Bring It On Home To Me / B.Bキング&ポール・キャラック

 サム・クックの「Bring It On Home to Me」は、1962年にリリースされた彼の代表曲の一つです。その後、多くのアーティスト達にカバーされてきました。歌詞の内容は、去ってしまった恋人への未練と、戻ってきて欲しい切ない願いを歌っています。明るいメジャーキーながら、どこか切ないメロディーは、主人公の落ち着かない心模様を現しています。そして僕はこの手の雰囲気の曲がどうも好きみたいです。恋愛もよく分かっていない中学生の時から好きでしたから、歌詞の内容よりもそのメロディーとコードの空間に酔わされてしまうのかも知れません。わずか3つのコードでできた曲なのに凄いですよね。 

 さて、僕の好きなカバー・バージョンは、B.Bキングがポール・キャラックと共演したやつです。残念ながらここではB.Bの歌声は聴くことができませんが、それでもギターソロでは十分にその存在感を際立たせています。いつものように複雑なフレーズを弾きまくるのでもないのですが、今風に言えば、そのフレーズはとてもエモイです。コピーしてみると分かるのですが、B.Bのチョーキングは凄まじいです。

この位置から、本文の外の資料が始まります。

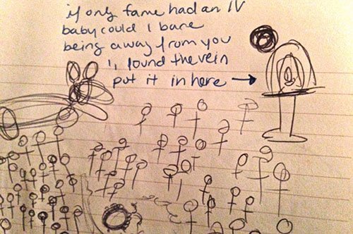 Второй же снимок показывает тетрадный лист, на котором видна работа над текстом для песни. Если перевести узнанные слова то получится: «Если бы была слава IV, малыша я несу, находясь вдали от тебя…». Подпись под фотографиями гласит: «Это документ к моему альбому, приложение к ARTPOP, я проектирую издать серию заметок, эскизов, т.е. всего, что к нему относится».

 ギターが歌うって、こういう事かと腑に落ちました。今までもB.Bは聞いてきましたが、彼のチョーキング&ビブラートが絶賛される理由がそこにありました。ガチガチのブルースの曲で弾いているソロよりも、「Bring It On Home to Me」のような分かりやすい曲の中でソロをとってもらった方が、B.Bの凄さ、存在感は際立ってくるものなんですね。ブルースがよく分からない、苦手な方はこの入り口からどうぞ。